Even during an afternoon of presentations, one could not escape the latest buzz in the blogosphere yesterday. Blackberries around the room lit up when Newsweek announced that Karl Rove would join them as a part-time political commentator. It neatly bookended Markos Moulitsas' announcement of his new gig, and completely recast Newsweek's effort:

Less than three months after leaving the Bush White House, Karl Rove is becoming a member of a community not all that popular with administration officials: the media.

Newsweek has signed the president's former deputy chief of staff as a commentator who will turn out several columns on the 2008 campaign through inauguration day. The move is not likely to prove popular among liberals who believe the mainstream media have been too soft on the Bush administration.

"We want to give readers a feel for what it's like to be on the inside," says Newsweek Editor Jon Meacham. "Our readers are sophisticated enough to know that what they get from Karl has to be judged in the context of who Karl is...Readers will have to decide if he's simply an apologist."

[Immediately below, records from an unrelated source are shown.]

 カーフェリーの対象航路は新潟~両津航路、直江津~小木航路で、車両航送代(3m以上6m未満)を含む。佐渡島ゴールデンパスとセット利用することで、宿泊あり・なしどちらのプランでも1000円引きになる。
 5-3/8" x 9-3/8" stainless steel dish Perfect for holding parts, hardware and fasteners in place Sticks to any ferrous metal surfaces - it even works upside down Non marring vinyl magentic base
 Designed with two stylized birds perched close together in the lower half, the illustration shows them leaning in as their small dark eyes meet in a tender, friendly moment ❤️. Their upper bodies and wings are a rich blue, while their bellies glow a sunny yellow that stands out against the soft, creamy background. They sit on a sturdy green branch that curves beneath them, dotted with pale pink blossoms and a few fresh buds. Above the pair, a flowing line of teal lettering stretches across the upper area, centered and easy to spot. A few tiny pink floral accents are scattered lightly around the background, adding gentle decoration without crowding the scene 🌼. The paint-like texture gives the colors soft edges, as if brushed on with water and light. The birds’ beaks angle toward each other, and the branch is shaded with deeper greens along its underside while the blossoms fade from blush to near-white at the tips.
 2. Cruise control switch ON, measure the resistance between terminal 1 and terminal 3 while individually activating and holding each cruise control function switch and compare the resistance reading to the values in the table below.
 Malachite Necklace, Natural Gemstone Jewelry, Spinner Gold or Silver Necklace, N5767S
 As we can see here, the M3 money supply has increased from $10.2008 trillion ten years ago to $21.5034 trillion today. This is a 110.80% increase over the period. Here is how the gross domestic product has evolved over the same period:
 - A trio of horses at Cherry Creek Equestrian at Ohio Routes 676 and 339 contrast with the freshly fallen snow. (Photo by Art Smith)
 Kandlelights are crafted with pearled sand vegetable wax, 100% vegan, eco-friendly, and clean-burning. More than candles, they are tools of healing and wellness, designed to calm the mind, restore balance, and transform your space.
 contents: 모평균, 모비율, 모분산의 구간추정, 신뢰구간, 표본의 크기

Newsweek (which is owned by The Washington Post Co.) will announce tomorrow that it is granting regular space to both Rove and Markos Moulitsas, the liberal firebrand who founded the Web site Daily Kos. "I'm fully prepared for both the right-wing and left-wing blogosphere to be outraged, which means we're doing our job," Meacham says.

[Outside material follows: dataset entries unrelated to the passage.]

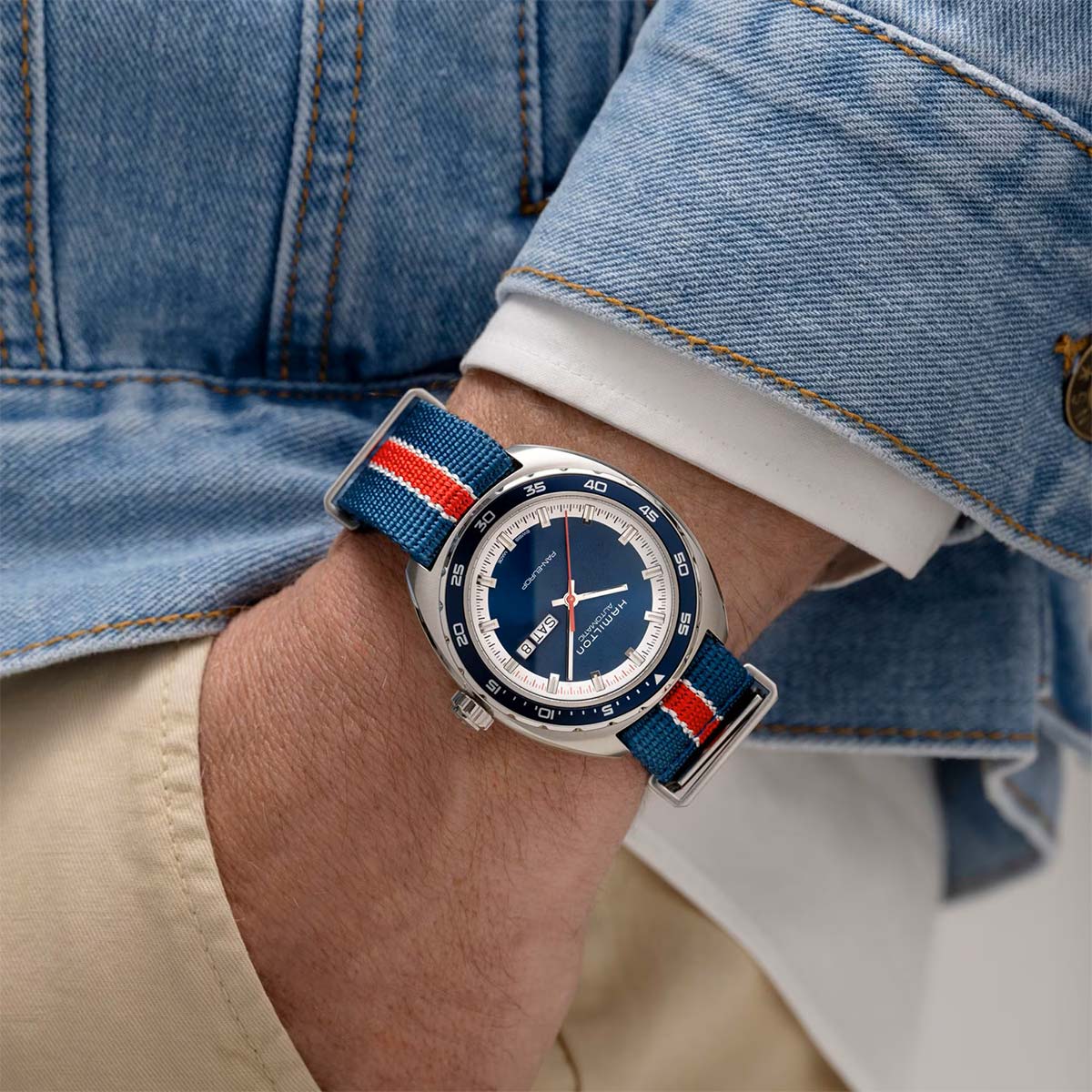 Đừng để cái tên Pan Europ đánh lừa bạn - chiếc đồng hồ này mang đậm tinh thần Mỹ thuần túy của Hamilton và sẵn sàng đồng hành cùng bạn trên những cung đường cổ điển của nước Mỹ. Bạn sẽ luôn đúng giờ một cách sành điệu và bộ máy tự động sẽ giúp bạn tiến về phía trước. Nếu bạn cần nghỉ ngơi, chức năng dự trữ năng lượng sẽ luôn sẵn sàng hỗ trợ bạn và màn hình hiển thị ngày tháng đảm bảo bạn không bao giờ quên thời gian. Với lựa chọn dây đeo NATO hoặc dây da, chiếc đồng hồ này mang đến sự điềm tĩnh, cổ điển và vô cùng linh hoạt.
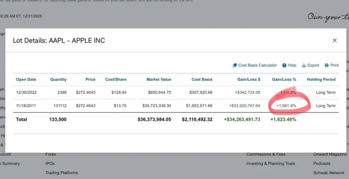 账号主人正是有“中国巴菲特”之称的段永平,截图里的两组数据格外扎眼:2011年11月买入的13万股苹果股票,成本13.75美元/股,如今账面价值3572万美元,收益率高达1881.8%;2022年12月加仓的2388股,也赚了34.3万美元,收益率111.3%。两个账号合计收益率超16倍,接近19倍的战绩让网友直呼“神话”。
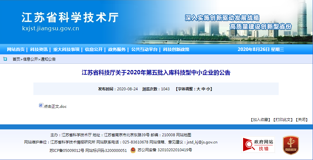 為了推進(jìn)自主創(chuàng)新、加快企業(yè)產(chǎn)業(yè)結(jié)構(gòu)調(diào)整,貫徹落實(shí)國家創(chuàng)新驅(qū)動(dòng)發(fā)展戰(zhàn)略,加大對(duì)科技型企業(yè)的扶持與培養(yǎng),全力助推企業(yè)持續(xù)健康發(fā)展,在各設(shè)區(qū)市評(píng)價(jià)工作機(jī)構(gòu)審核中,江蘇海辰云科入選2020年第五批科技型中小企業(yè)。8月24日江蘇省科技廳關(guān)于2020年第五批入庫科技型中小企業(yè)進(jìn)行了發(fā)布。
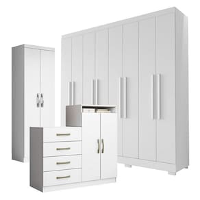 Guarda Roupa Casal Porto 8 Portas 4 Gavetas com Cômoda Sapateira Londres e Armário Multiuso 2 portas New Branco Brilho – Aramóveis
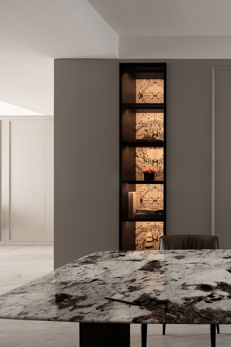 选用简约线条的墙体规划,大块的留白与极简的线条显露轻奢,干净利落的设计轻松打造高级感,以白色、灰色为主色调,营造出简约、自然的氛围,这些颜色减少了视觉上的障碍,使得客餐厅一体化设计更加流畅和通透。
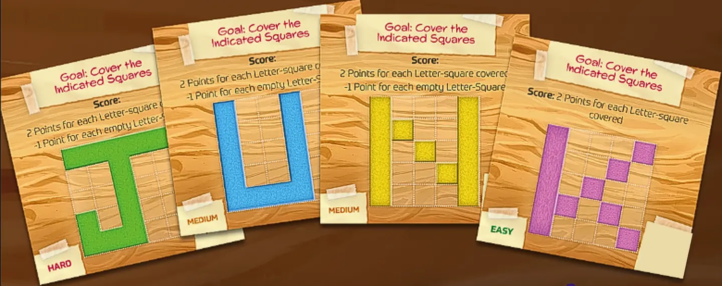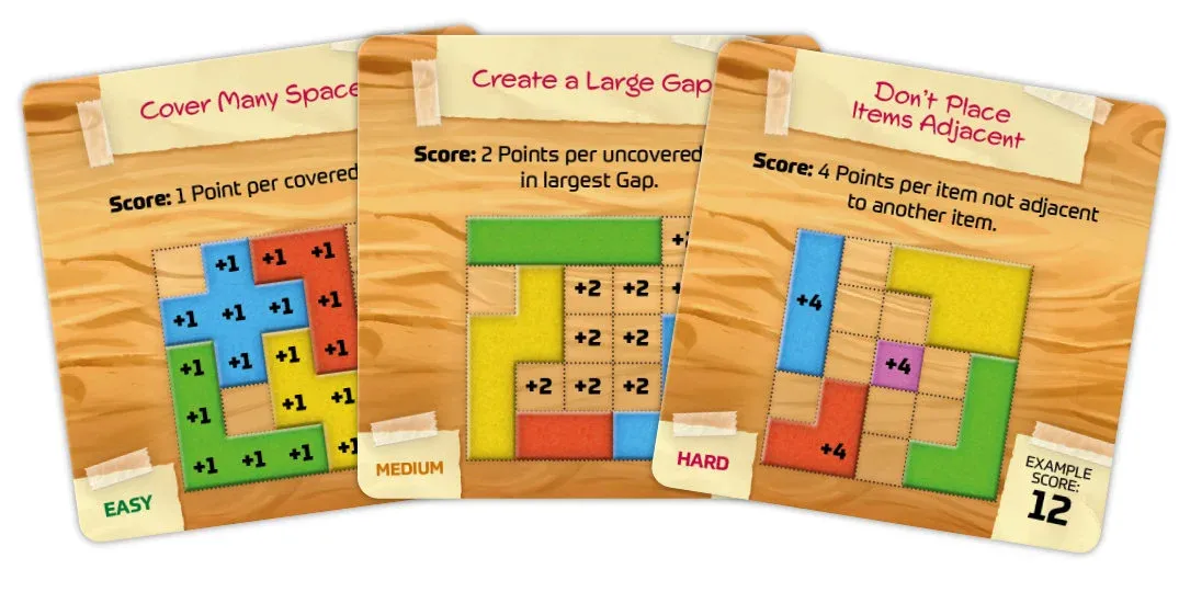 Comes with 4 player boards, 4 sets of 21 uniquely shaped polyominos, and 24 scoring goals

Newsweek apparently approached Rove long before Markos. When Rove announced his resignation in August, Meacham contacted him that very day and made the offer to bring the architect of three national Republican electoral victories to Newsweek. Everyone's waiting for Rove to write his memoirs and collect one of the biggest paydays in publishing history, but in the meantime, Newsweek wanted his experience and electoral expertise.

That puts a slightly different light on the announcement from Kos. While having a celebrated blogger win a featured column at a national news magazine represents a win for the blogosphere, it appears that Kos didn't get hired for his blogging but his political organizing experience . He was hired to balance Rove and not the other way around.

In that context, Markos' hire is puzzling. Rove has led and won at least two Texas election efforts and three national efforts for the Republicans, before losing his fourth in 2006. Markos exists in a completely different league in political organization. It's as though ESPN hired a Hall of Fame NFL quarterback and a Division III college QB to analyze the upcoming playoffs. The latter may have some trenchant analysis to provide, but in terms of expertise, they don't compare. James Carville, Terry McAuliffe, or even Bob Shrum would have been more obvious choices.

Still, best of luck to both. Having interviewed and chatted with Rove in the past, I know that Newsweek readers will get very interesting and applicable analysis of the races. With Kos, we can expect the unexpected.